Segment Start: Collected material
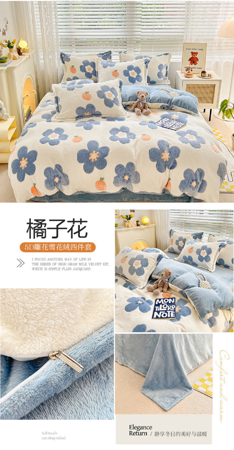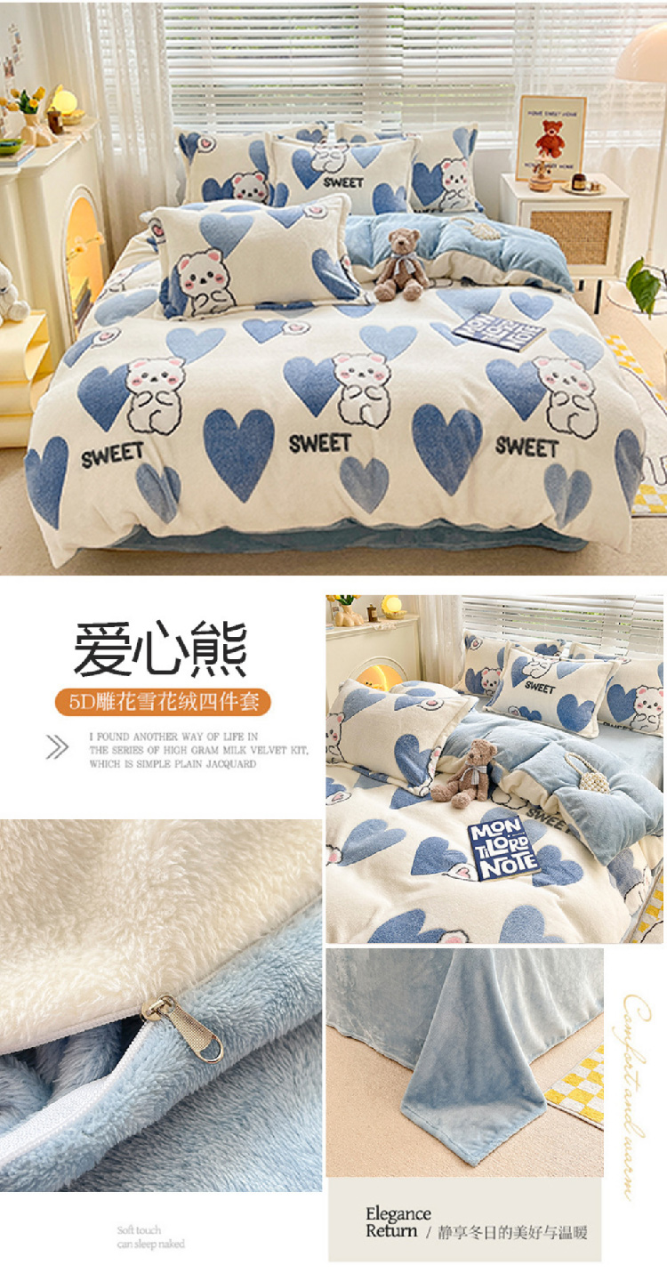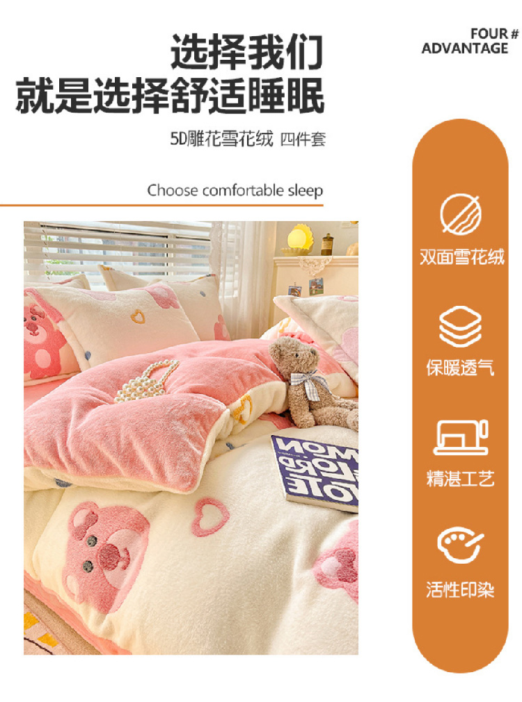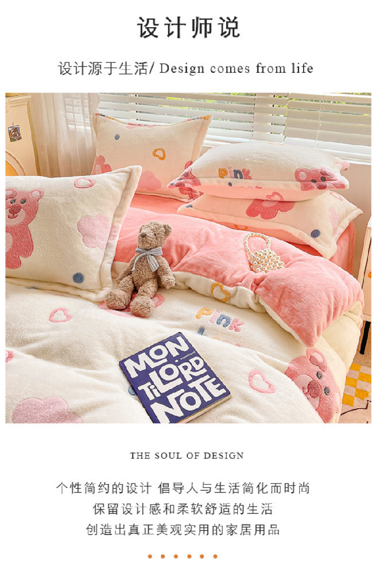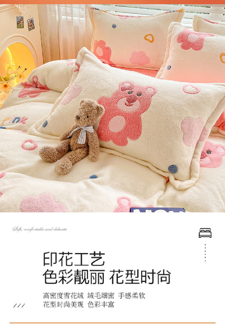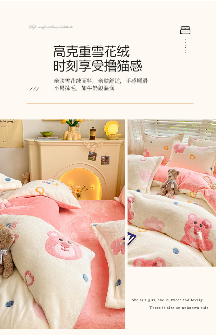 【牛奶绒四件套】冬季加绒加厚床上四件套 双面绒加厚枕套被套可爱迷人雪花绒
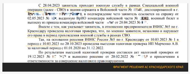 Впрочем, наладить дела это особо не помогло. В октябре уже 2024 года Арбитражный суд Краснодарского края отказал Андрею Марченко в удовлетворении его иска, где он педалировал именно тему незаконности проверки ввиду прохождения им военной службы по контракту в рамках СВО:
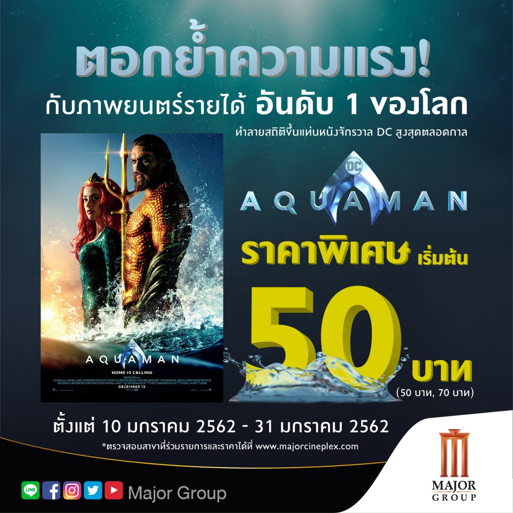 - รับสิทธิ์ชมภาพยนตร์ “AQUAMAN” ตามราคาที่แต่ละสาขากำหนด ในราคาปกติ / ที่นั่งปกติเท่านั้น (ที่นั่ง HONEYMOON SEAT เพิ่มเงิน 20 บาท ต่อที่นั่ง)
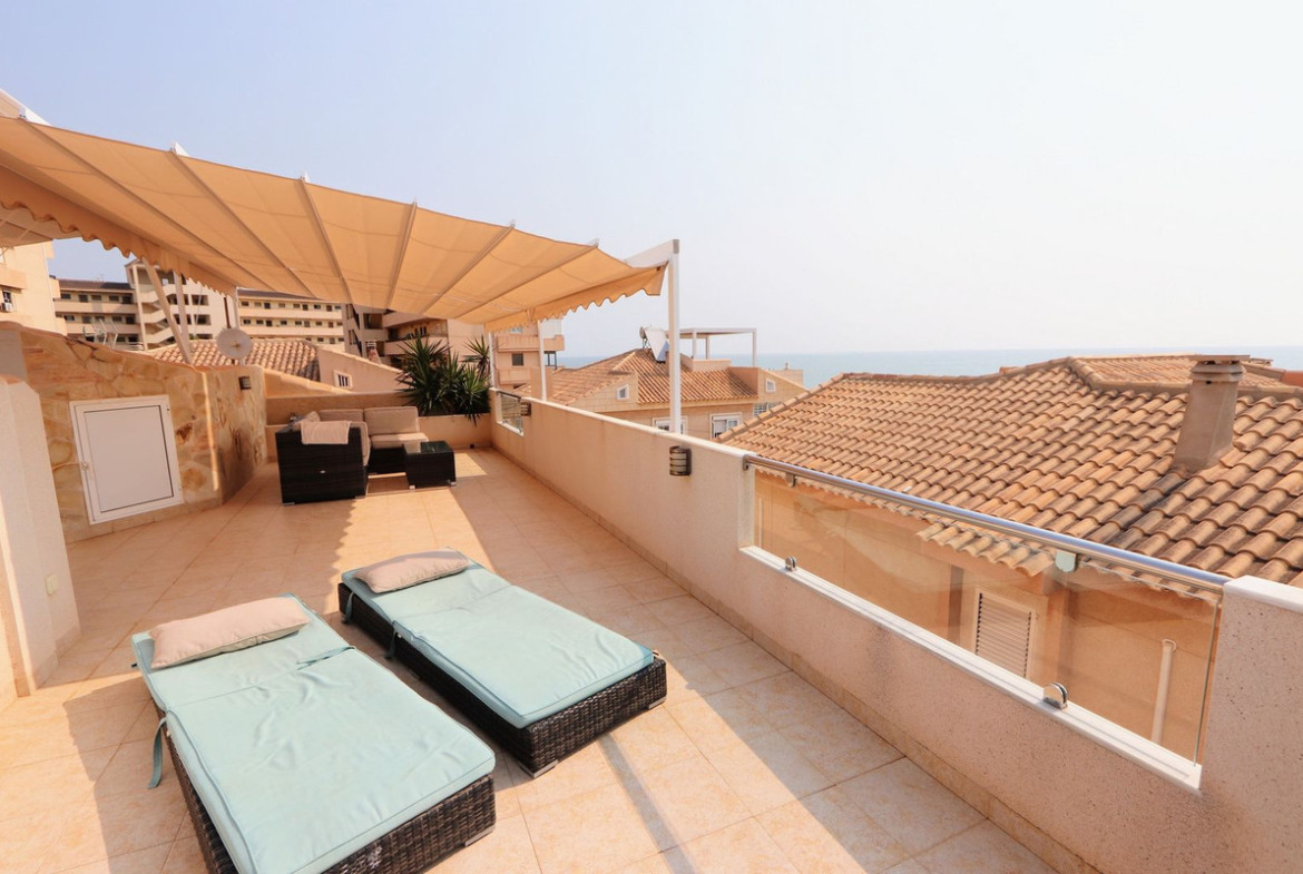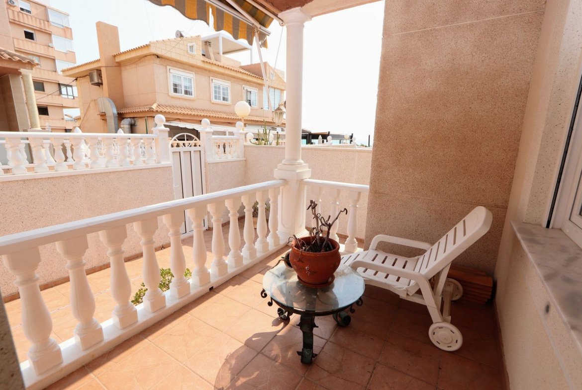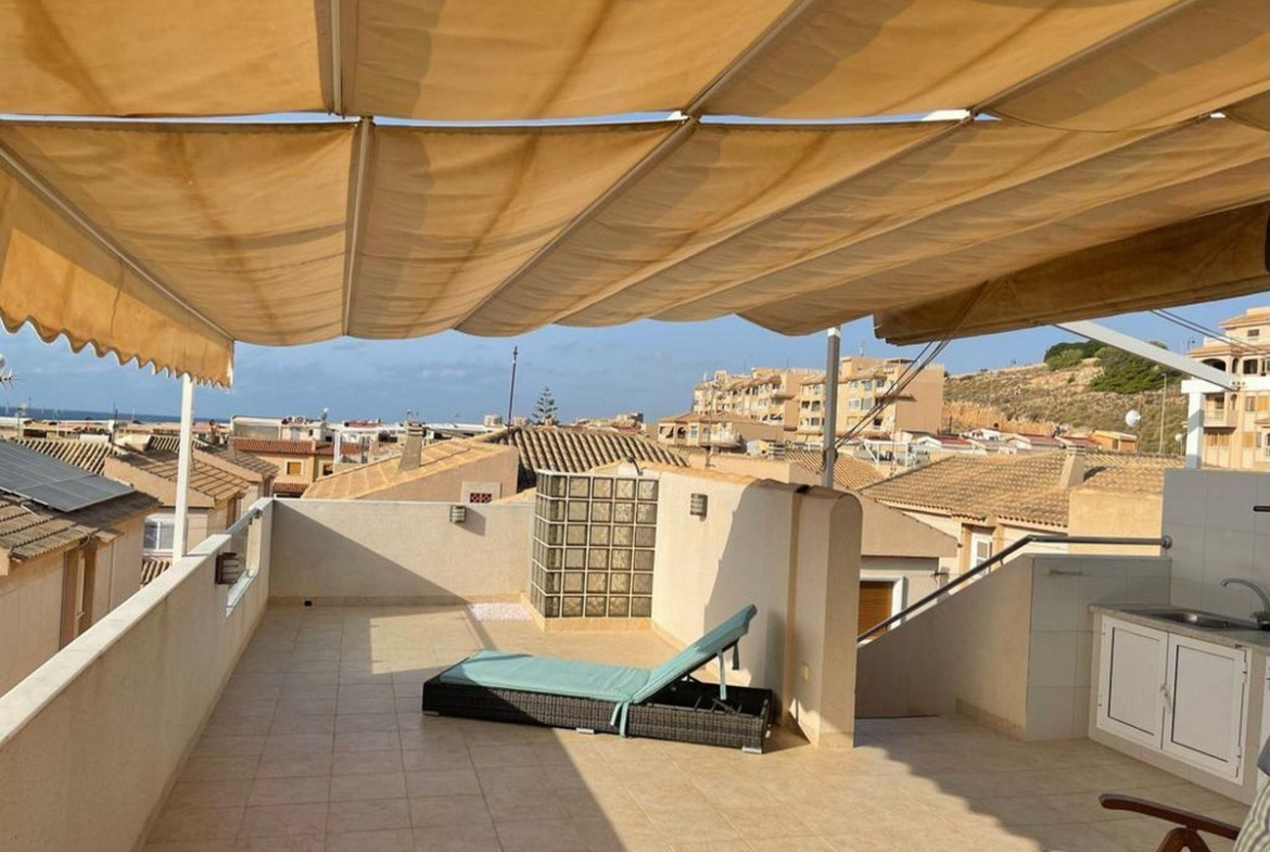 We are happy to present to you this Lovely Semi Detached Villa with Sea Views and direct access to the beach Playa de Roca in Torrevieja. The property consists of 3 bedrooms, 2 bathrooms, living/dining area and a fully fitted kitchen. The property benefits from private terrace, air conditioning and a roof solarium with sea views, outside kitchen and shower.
Segment End: Collected material
**Exercise requirements**
Having located the line with "20 บาท ต่อที่นั่ง)", transcribe exactly and only the lines from it to the final line of the material, skipping the pictures.

**Solved problem**
 - รับสิทธิ์ชมภาพยนตร์ “AQUAMAN” ตามราคาที่แต่ละสาขากำหนด ในราคาปกติ / ที่นั่งปกติเท่านั้น (ที่นั่ง HONEYMOON SEAT เพิ่มเงิน 20 บาท ต่อที่นั่ง)
 We are happy to present to you this Lovely Semi Detached Villa with Sea Views and direct access to the beach Playa de Roca in Torrevieja. The property consists of 3 bedrooms, 2 bathrooms, living/dining area and a fully fitted kitchen. The property benefits from private terrace, air conditioning and a roof solarium with sea views, outside kitchen and shower.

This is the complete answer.